=== Section Start ===

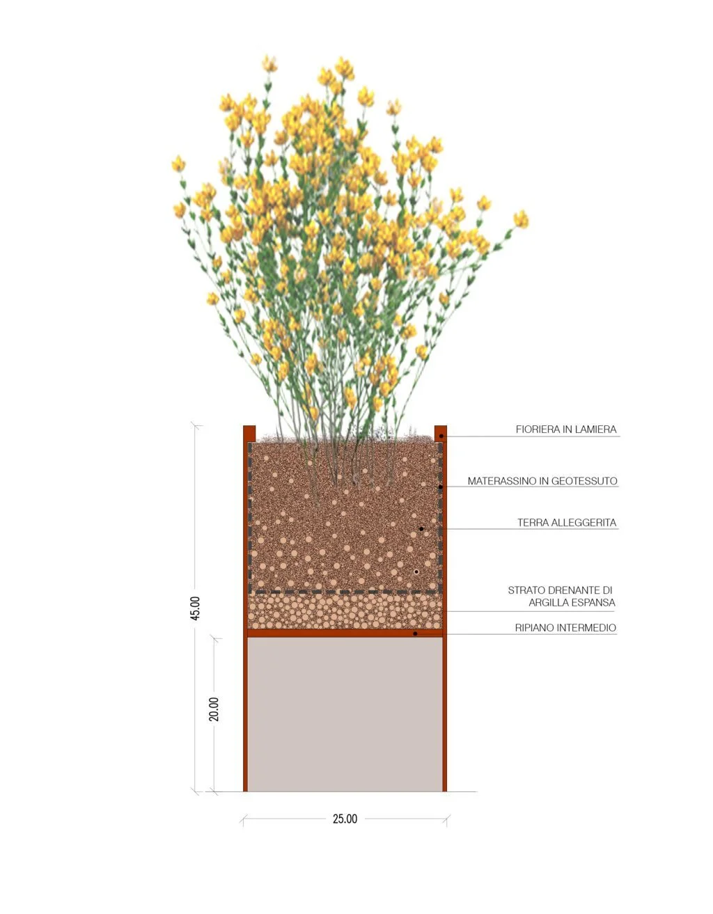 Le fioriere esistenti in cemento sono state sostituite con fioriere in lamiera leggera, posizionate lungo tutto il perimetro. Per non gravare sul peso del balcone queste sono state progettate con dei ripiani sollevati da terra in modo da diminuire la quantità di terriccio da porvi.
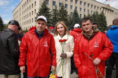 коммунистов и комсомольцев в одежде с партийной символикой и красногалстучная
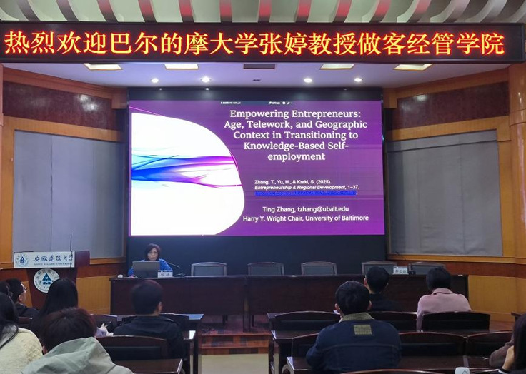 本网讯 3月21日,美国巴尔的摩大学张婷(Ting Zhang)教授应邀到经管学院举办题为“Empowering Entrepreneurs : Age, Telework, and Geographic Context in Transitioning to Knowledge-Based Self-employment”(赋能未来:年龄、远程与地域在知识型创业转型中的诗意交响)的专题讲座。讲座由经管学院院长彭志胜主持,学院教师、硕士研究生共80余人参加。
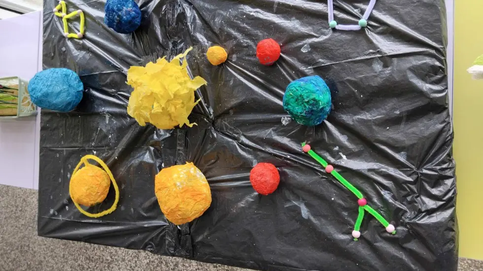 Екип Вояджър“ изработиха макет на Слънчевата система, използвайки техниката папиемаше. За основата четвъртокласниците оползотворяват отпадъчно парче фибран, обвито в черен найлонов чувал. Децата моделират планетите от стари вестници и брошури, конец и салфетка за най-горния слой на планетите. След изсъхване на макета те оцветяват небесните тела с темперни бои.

=== Section End ===
=== Section Start ===

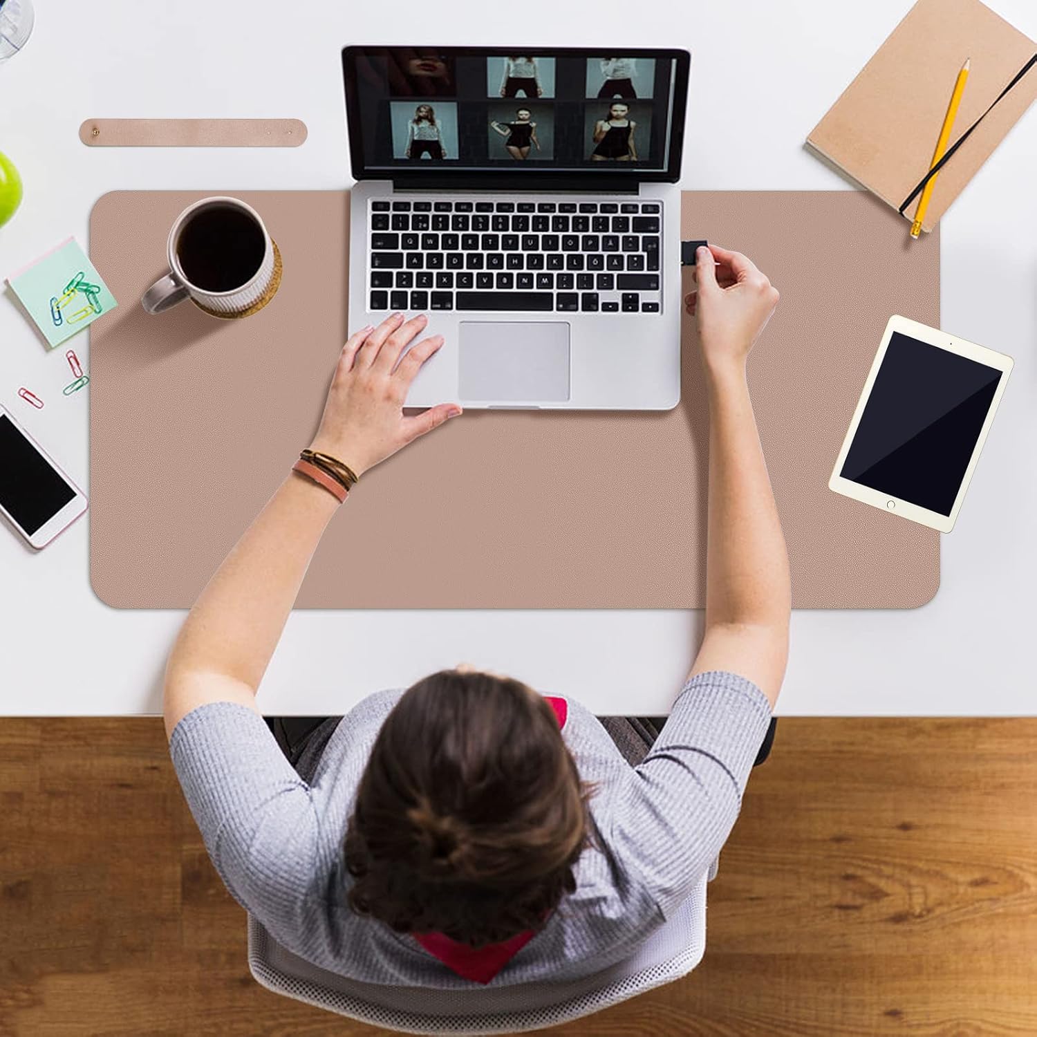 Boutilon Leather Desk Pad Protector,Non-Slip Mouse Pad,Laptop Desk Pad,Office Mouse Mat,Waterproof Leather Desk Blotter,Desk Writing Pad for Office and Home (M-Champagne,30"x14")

=== Section End ===
=== Section Start ===

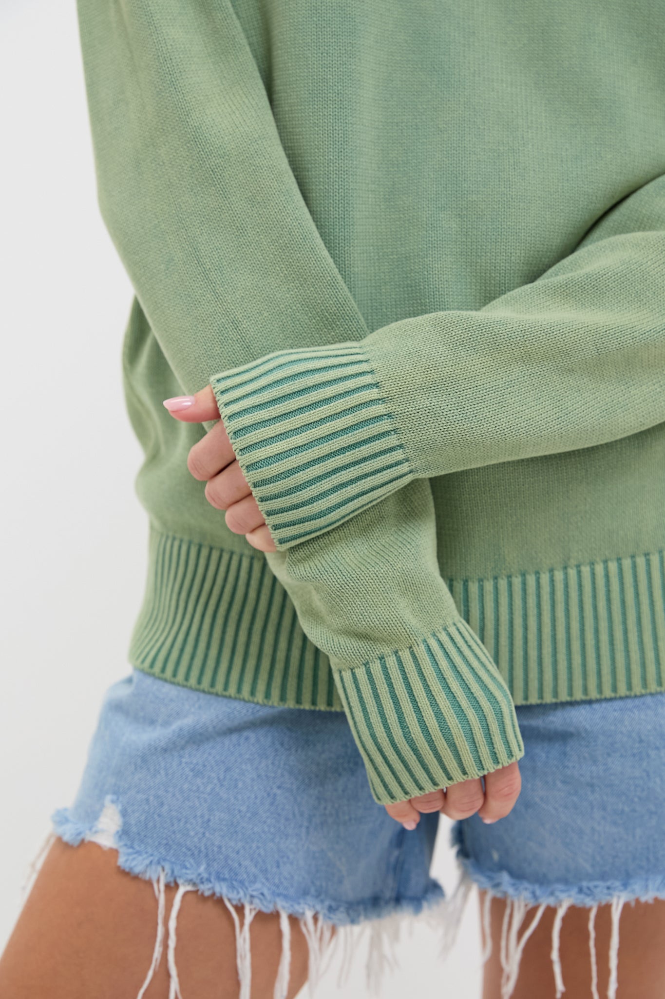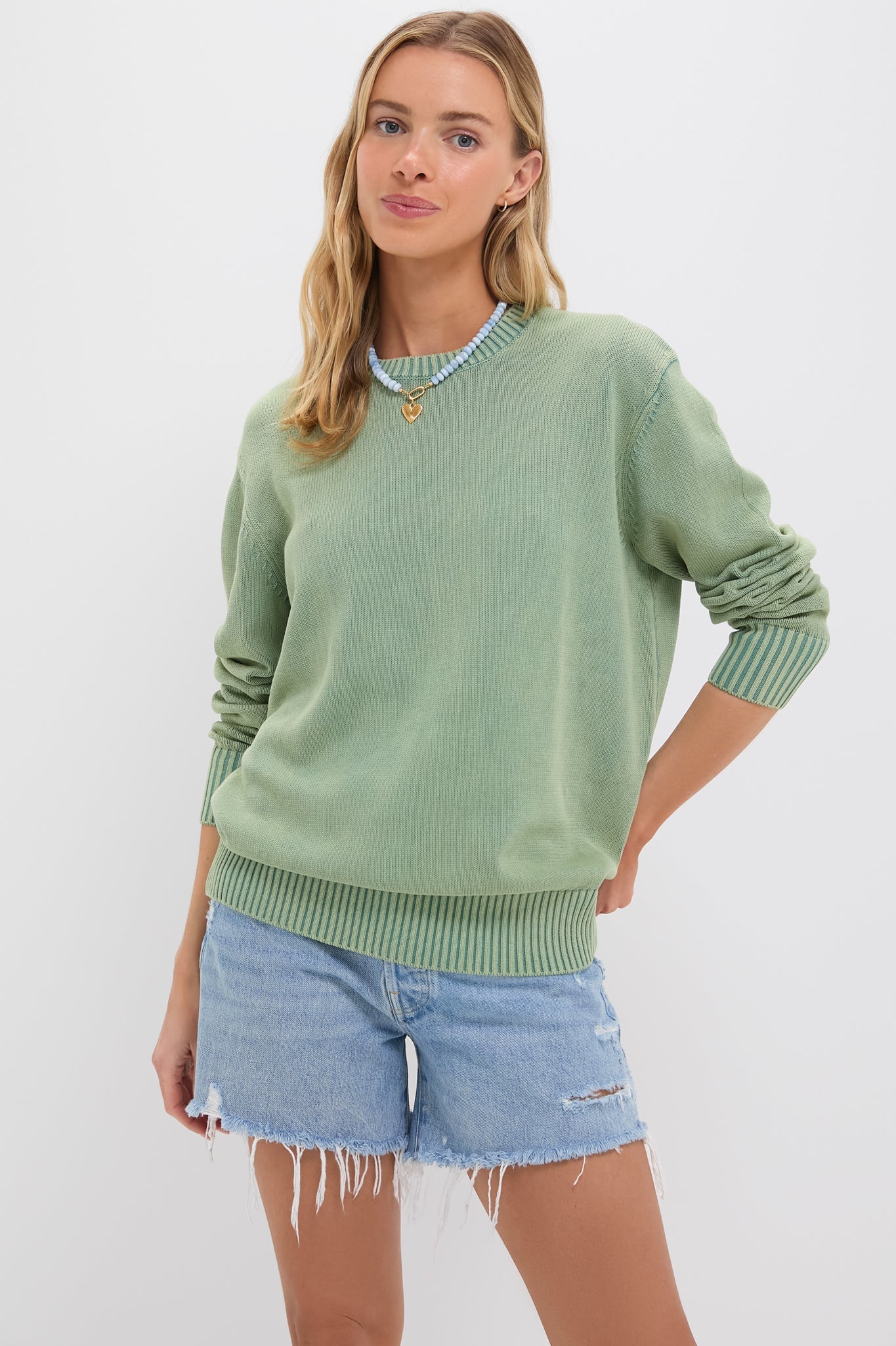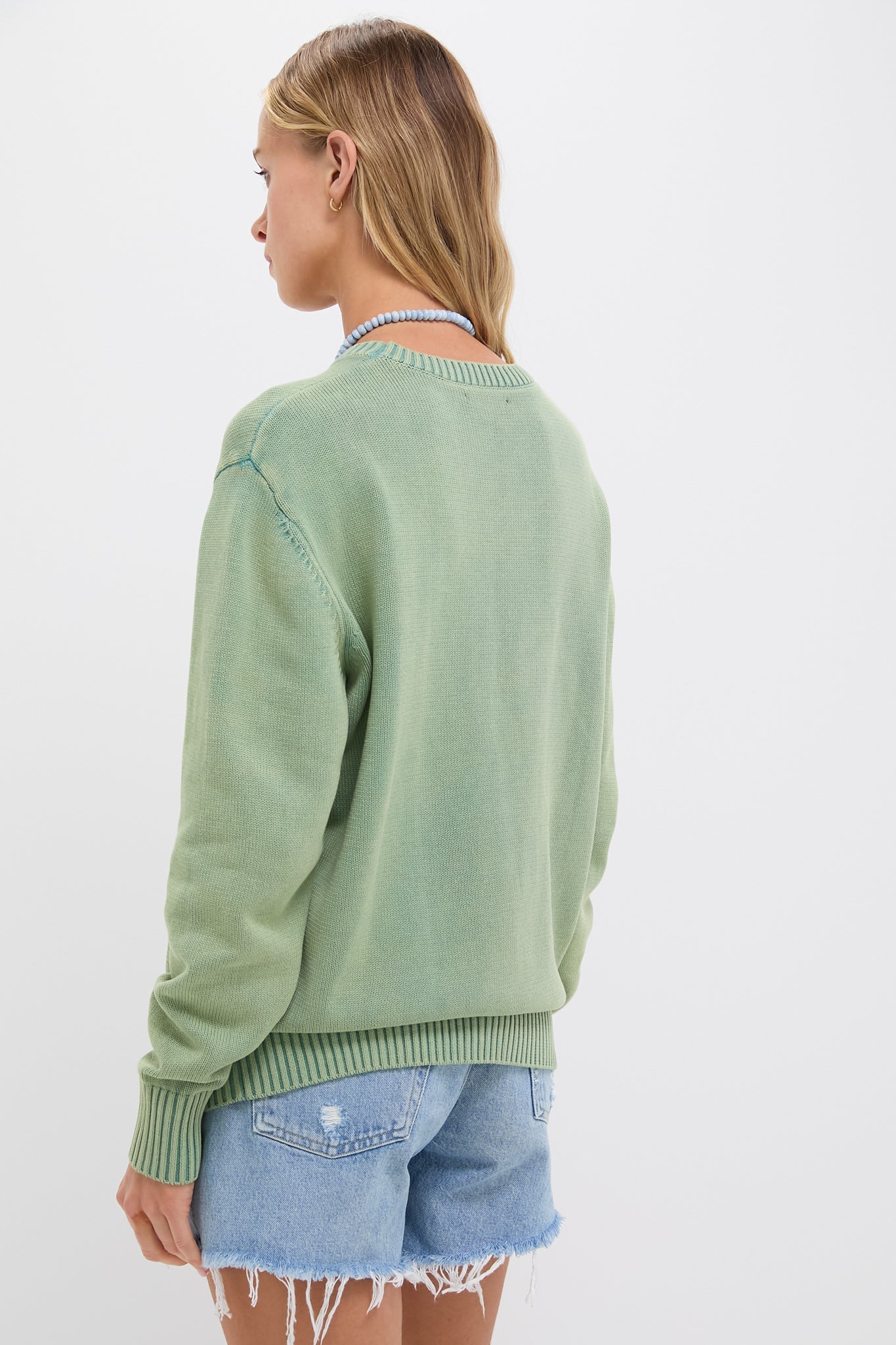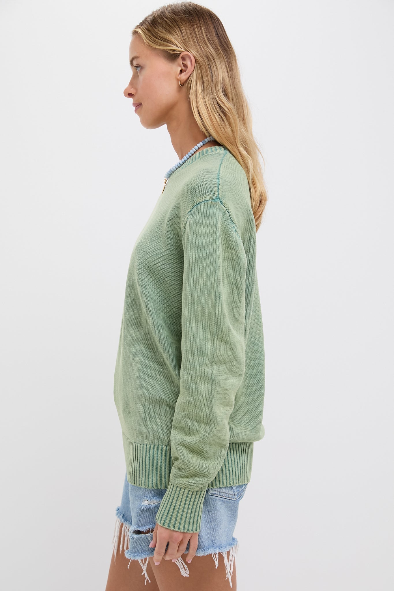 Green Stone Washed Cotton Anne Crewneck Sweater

=== Section End ===

Take the lines above starting at the one containing "Le fioriere esistenti" and ending at the one containing "с темперни бои.", and print them again exactly, without pictures.

● **Exercise response**:
 Le fioriere esistenti in cemento sono state sostituite con fioriere in lamiera leggera, posizionate lungo tutto il perimetro. Per non gravare sul peso del balcone queste sono state progettate con dei ripiani sollevati da terra in modo da diminuire la quantità di terriccio da porvi.
 коммунистов и комсомольцев в одежде с партийной символикой и красногалстучная
 本网讯 3月21日,美国巴尔的摩大学张婷(Ting Zhang)教授应邀到经管学院举办题为“Empowering Entrepreneurs : Age, Telework, and Geographic Context in Transitioning to Knowledge-Based Self-employment”(赋能未来:年龄、远程与地域在知识型创业转型中的诗意交响)的专题讲座。讲座由经管学院院长彭志胜主持,学院教师、硕士研究生共80余人参加。
 Екип Вояджър“ изработиха макет на Слънчевата система, използвайки техниката папиемаше. За основата четвъртокласниците оползотворяват отпадъчно парче фибран, обвито в черен найлонов чувал. Децата моделират планетите от стари вестници и брошури, конец и салфетка за най-горния слой на планетите. След изсъхване на макета те оцветяват небесните тела с темперни бои.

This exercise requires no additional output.